If one thing had been confirmed though, it was that blogging had a degree of power and influence over people - the question was whether that power could be edifying, or whether its sole consequence would be the wholly unnecessary (and touchingly melodramatic) "death of planning".
And then came the creative revolution - and it all seemed to make a lot of sense. Blogs were being used to share and critique work (and, in latter times, to test the moderation skills of AdLand's finest Art Directors), to share anecdotes of creatives past, to offer hints and advice to those trying to get ahead (or even started) in advertising, to be rude about digital/DM/clients/Suits/delete as appropriate - they basically became pubs with less booze or pork scratchings, but better AV facilities to actually show off the work you were discussing.
But it's still all so very introspective and self-regarding. Bad work only ever seems to exist because of bad clients, bad briefs, bad Suits, bad directors or bad brands - never because of bad creatives. (Obviously, I'm generalising hugely here, and there will be examples to prove me wrong - but as Primo Levi said, in an infinite universe, everything happens at least once, so single examples are meaningless. Besides, generalising is half the fun of blogging.) And why shouldn't it be? Part of the job of the creative, and part of the psyche that allows them to take on brief after brief after brief, is to have absolute belief in their own ability to (a) crack whatever's in front of them better than anybody else could, and (b) crack whatever's in front of anybody else better than they could - and I salute them for that. Some of the best creatives I've worked with are arrogant prigs, and I wouldn't change them for a second.
But that's why blogging needs Suits. We are, for whatever reason, and despite having our perfectly manicured fingers all over pretty much every step of the process, strangely removed from it. The Client's the one who'll enjoy the massive bonus should the work succeed, the planner gets the IPA glory (although every Suit should write an APG paper at some point in their career - but I digress), the creative team gets to go to Cannes and sleep in their own vomit outside the Gutter Bar, the director's the one who gets to sleep with the furiously hot girl he cast - hell, we don't even get a mention on the list of credits in Campaign.
And so we remain - part of the work, but not tainted by it. Seeing everything, but emotionally attached (at least, to an unhealthy degree) to nothing. I'm not suggesting we don't care - of course we care. But a little distance allows us an objectivity that someone who's either done the work, or whose livelihood is directly threatened by the work could never enjoy. And that's why we are best placed to write about it and the industry that provides it.
Plus, we have much better lunch stories and much more dirt than you do.
PS The counter-argument to all of this, I suppose, is Suits shouldn't be blogging because they're utterly beholden to the client and incapable of forming their own opinions and thoughts on anything bar lunching venues. But those are 'Bad Suits', which are an entirely different breed.
1 comments:
I would also argue that Suits are the only ones really involved in the Business of advertising.

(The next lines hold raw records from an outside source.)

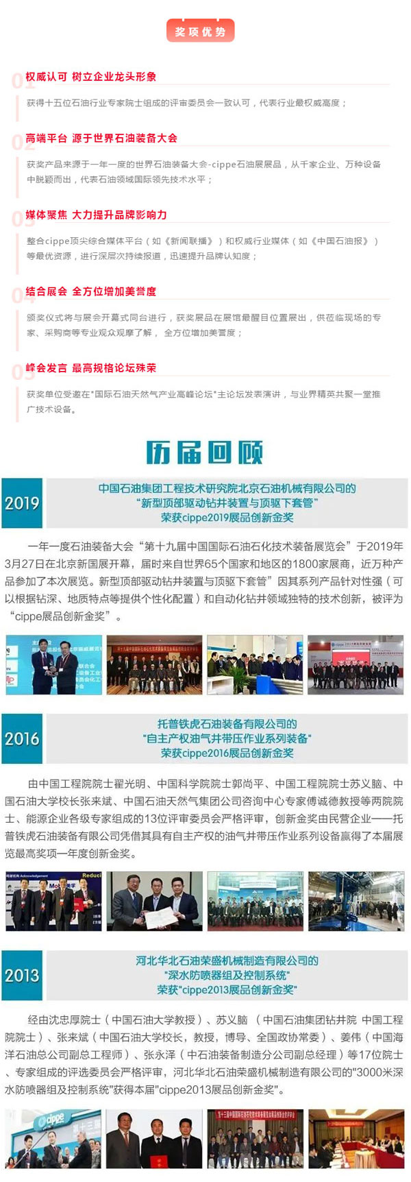 “cippe展品創新金獎”是cippe組委會于2012年推出的展會同期重磅活動,在業內具有極高的影響力。cippe組委會每年都邀請至少15位院士、專家組成評選委員會,從參展企業展出的上萬件展品中嚴格評選出具有自主知識產權、具有重大技術突破、最能代表該領域國際最高科技水平的裝備及技術。“cippe 展品創新金獎”每年都得到千余家國內外參展商的廣泛參與及關注,因其評選的專業性、客觀性、權威性,影響力的廣泛性,被稱為石油領域的“奧斯卡”。
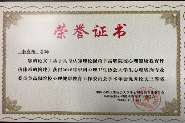 11月9日-10日,2018年全国高职院校心理健康教育学术年会在长沙民政职业技术学院召开。永利官网大学生心理健康教育中心黄甄汝参加了年会。本届学术年会以“高校心理健康教育中国特色的形成与挑战”为主题, 来自全国各省、市高职院校200余名院校领导和老师代表围绕心理健康教育进行了广泛交流。会议期间,永利官网李喜梅老师的论文《基于具身认知理论视角下高职院校心理健康教育评价体系的构建》荣获年会优秀论文三等奖。供稿:学工处大学生心理健康教育中心审核:夏斌
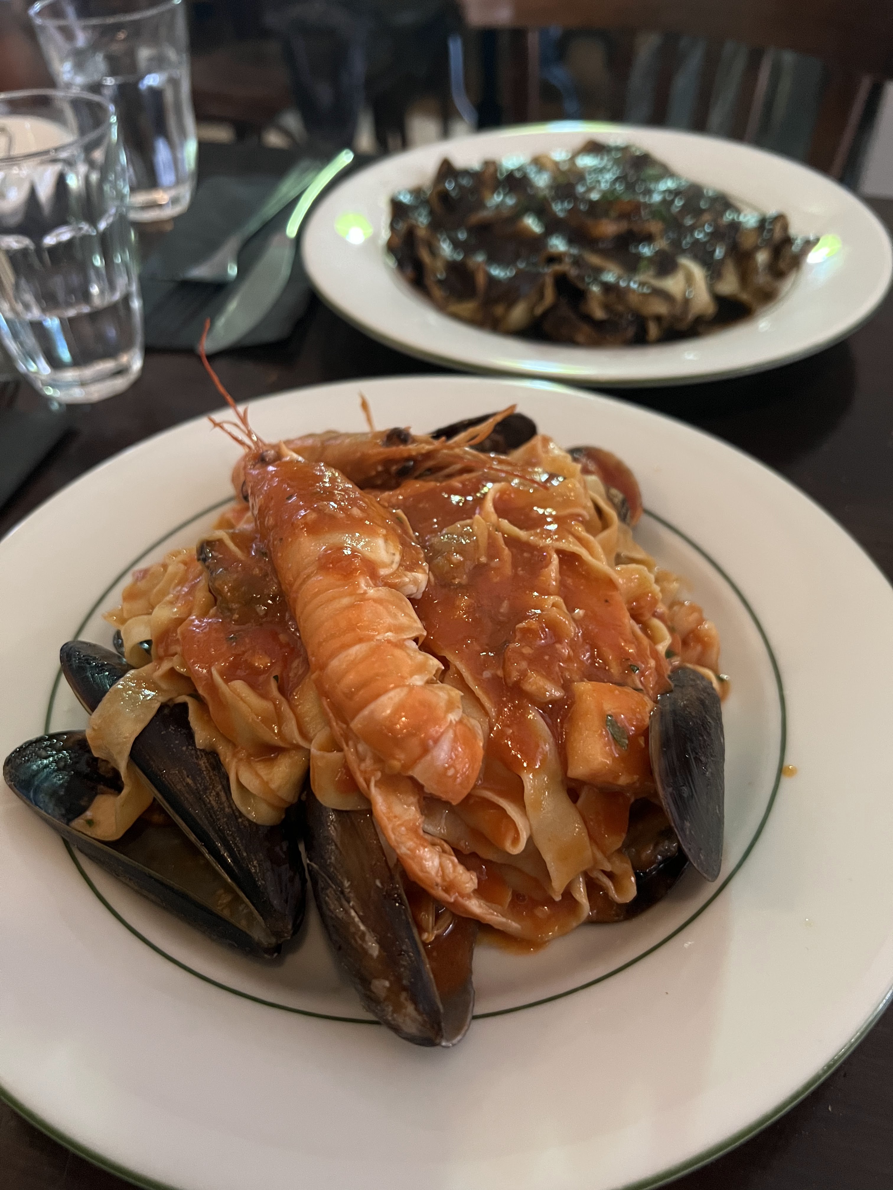 Oh la la ! Ça y est, ne cherchez plus, le meilleur italien de Paris est à Oberkampf. On s’est régalés 🤌🏻 Je veux revenir et essayer chaque ligne de leur carte, chaque variété de pâtes. J’ai pris des sortes de spaghetti en plus gros avec des palourdes et mon ami a pris les pâtes avec sauce tomate basilic ricotta. Comme l’impression d’avoir voyagé le temps d’un repas. Grazie mille
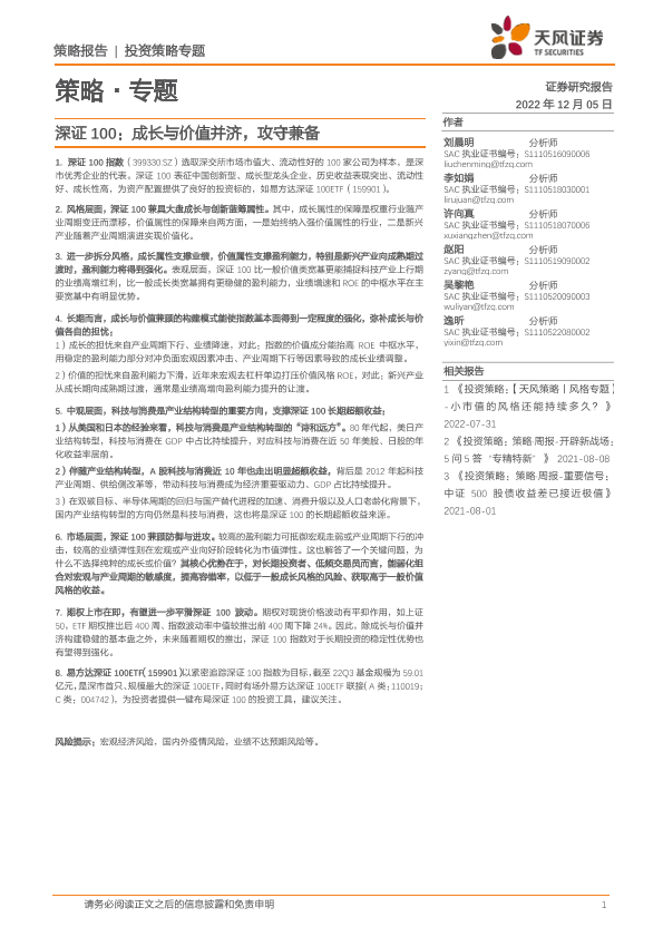 【天风证券】【20221205】策略·专题:深证100,成长与价值并济,攻守兼备-17页

The creatives make ads. The planners make strategy. The clients make results. But when it comes down to the actual nuts and bolts of running an agency like a business, that's your account man.
(Arguably, Finance does this as well, but in a more granular form. Not that a Finance blog wouldn't be fascinating - there's no question they see more of the big picture than anyone else.)
(Oops. Also arguably, Project Management/Traffic/Whatever. Except their prespective is internalized. Again, a PM blog would make great reading, but what PM has the time for it?)